Stop an existing execution in the selected project.

-   *runId:* String that identifies the execution.

-   *saveChanges:* (Defaults to True) If false, execution results are
    discarded.

### runs_stdout(runId)

Get `stdout` emitted by a particular execution.

-   *runId:* string that identifies the execution

## Files and blobs

See these code example files:

-   [`upload_file.py`](https://github.com/dominodatalab/python-domino/blob/release-1.1.0/examples/upload_file.py)

-   [`upload_and_run_file_and_download_results.py`](https://github.com/dominodatalab/python-domino/blob/release-1.1.0/examples/upload_and_run_file_and_download_results.py)

### files_list(commitId, path)

List the files in a folder in the Domino project.

-   *commitId:* The `commitId` to list files from.

-   *path:* (Defaults to "/") The path to list from.

### files_upload(path, file)

Upload a Python file object into the specified path inside the project.
See `examples/upload_file.py` for an example. All parameters are
required.

-   *path:* The path to save the file to. For example, `/README.md`
    writes to the root directory of the project while
    `/data/numbers.csv` saves the file to a sub folder named `data`. If
    the specified folder does not yet exist, it is created.

-   *file:* A Python file object. For example:
    `f = open("authors.txt","rb")`

### blobs_get(key)

Retrieve a file from the Domino server by blob key.

-   *key:* The key of the file to fetch from the blob server.

## Apps

### app_publish(unpublishRunningApps=True, hardwareTierId=None)

Publish an app in the Domino project, or republish an existing app.

-   *unpublishRunningApps:* (Defaults to True) Check for active app
    instances in the current project and unpublish them before
    publishing.

-   *hardwareTierId:* (Optional) Launch the app on the specified
    hardware tier.

### app_unpublish()

Stop all running apps in the Domino project.

## Jobs

### job_start(command, commit_id=None, hardware_tier_name=None, environment_id=None, on_demand_spark_cluster_properties=None):

Start a new job (execution) in the project.

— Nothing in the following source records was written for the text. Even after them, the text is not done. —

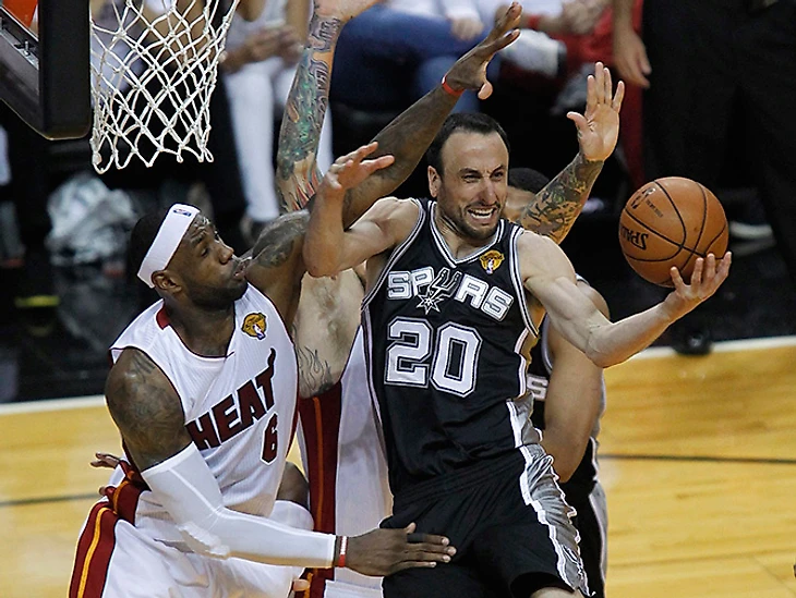 Но в середине третьей четверти Джефф Ван Ганди произнес уже нечто парадоксальное и напоминающее диагноз: «Быть может, «Хит» просто не могут?» Нападение «Сан-Антонио» по интенсивности, уровню взаимодействия, по взаимозаменяемости и количеству опций представляет собой нечто доселе небывалое. Даже сравнения с «Сакраменто» начала века кажутся натянутыми, потому что такой глубины и такого таланта, и такого сочетания интеллекта и атлетизма не было даже там. В первых двух матчах «Хит» делали невозможное и накрывали эту бьющую фонтаном энергию – за счет ЛеБрона на Паркере, за счет агрессивных ловушек на периметре и подстраховке против центровых, за счет нивелирования уязвимых мест. Но в Майами плотину все же прорвало. В 4-м матче «Сперс» вновь прошлись атакующим катком, не столь исторически мощным, как в 3-м, но вполне себе впечатляющим. К счастью для «Майами», все соперники не отходили от привычного образа. К несчастью для «Майами», даже так с ними ничего поделать было нельзя. Тони Паркер взвалил на себя атаку тогда, когда «Хит» пытались прихватить соперника для ответного рывка: француз смело шел под щит, зарабатывал фолы и забивал сложные мячи в падениях или набросом (8 из 15, 19 очков). Дэнни Грин взбодрил соперника в начале тремя трехочковыми. Кавай Ленард не стал мучить хозяев дальними попаданиями, зато просто задавил их струей молодости и аномальной агрессии – гениальный путбэк и не сложившийся данк через Андерсена должны были добить «Хит» (20 очков, 7 из 12, 14 подборов). Миллс вновь свирепствовал, уместив в 16 минут 14 очков (5 из 8) и 2 передачи, но при этом не сделал ничего феноменального. Джинобили и вовсе стал символом команды: 4 потери, 2 передачи, 7 очков (2 из 4) – и плюс-минус «+27». (Данкан побил сразу два рекорда: по количеству минут опередил Карима, по количеству дабл-даблов Мэджика – хотя вряд ли это кому-то интересно). Наконец, главное лицо серии – пойнтфорвард Дьо всего лишь пару раз воспользовался габаритами против Уэйда, зато взял на себя роль руководителя нападения: через него «Сперс» преодолевали любые капканы и создавали возможности для бросков (9 передач). Из 25 передач «Сан-Антонио» 17 оказалась на счету игроков передней линии.
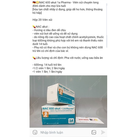 Thực phẩm và đồ uống > Nhu yếu phẩm > Thực phẩm đóng hộp > Khác || Bill Đức Hộp Viên Sủi NAC 600 AKUR 1A PHARMA 20V(00562761)
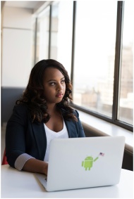 Focused woman using a laptop with Android sticker, sitting by a window in an office.

-   *command (string):* Command to execute in Job. For example:
    `domino.job_start(command="main.py arg1 arg2")`

-   *commit_id (string):* (Optional) The `commitId` to launch from. If
    not provided, the job launches from the latest commit.

-   *hardware_tier_name (string):* (Optional) The hardware tier NAME
    to launch job in. If not provided, the project’s default tier is
    used.

-   *environment_id (string):* (Optional) The environment ID with which
    to launch the job. If not provided, the project’s default
    environment is used.

-   *on_demand_spark_cluster_properties (dict):* (Optional) On
    demand spark cluster properties. The following properties can be
    provided in the Spark cluster:

        {
            "computeEnvironmentId": "<Environment ID configured with spark>"
            "executorCount": "<Number of Executors in cluster>"
             (optional defaults to 1)
            "executorHardwareTierId": "<Hardware tier ID for Spark Executors>"
             (optional defaults to last used historically if available)
            "masterHardwareTierId":  "<Hardware tier ID for Spark master"
             (optional defaults to last used historically if available)
            "executorStorageMB": "<Executor's storage in MB>"
             (optional defaults to 0; 1GB is 1000MB Here)
        }

-   *param compute_cluster_properties (dict):* (Optional) The
    compute-cluster properties definition contains parameters for
    launching any Domino supported compute cluster for a job. Use this
    to launch a job that uses a compute-cluster instead of the
    deprecated `on_demand_spark_cluster_properties` field. If
    `on_demand_spark_cluster_properties` and
    `compute_cluster_properties` are both present,
    `on_demand_spark_cluster_properties` is ignored.
    `compute_cluster_properties` contains the following fields:

        {
            "clusterType": <string, one of "Ray", "Spark", "Dask", "MPI">,
            "computeEnvironmentId": <string, The environment ID for the cluster's nodes>,
            "computeEnvironmentRevisionSpec": <one of "ActiveRevision", "LatestRevision",
            {"revisionId":"<environment_revision_id>"} (optional)>,
            "masterHardwareTierId": <string, the Hardware tier ID for the cluster's master node (required unless clusterType is MPI)>,
            "workerCount": <number, the total workers to spawn for the cluster>,
            "workerHardwareTierId": <string, The Hardware tier ID for the cluster workers>,
            "workerStorage": <{ "value": <number>, "unit": <one of "GiB", "MB"> },
            The disk storage size for the cluster's worker nodes (optional)>
            "maxWorkerCount": <number, The max number of workers allowed. When
            this configuration exists, autoscaling is enabled for the cluster and
            "workerCount" is interpreted as the min number of workers allowed in the cluster
            (optional)>
        }

-   *external_volume_mounts (List\[string\]):* (Optional) External
    volume mount IDs to mount to execution. If not provided, the job
    launches with no external volumes mounted.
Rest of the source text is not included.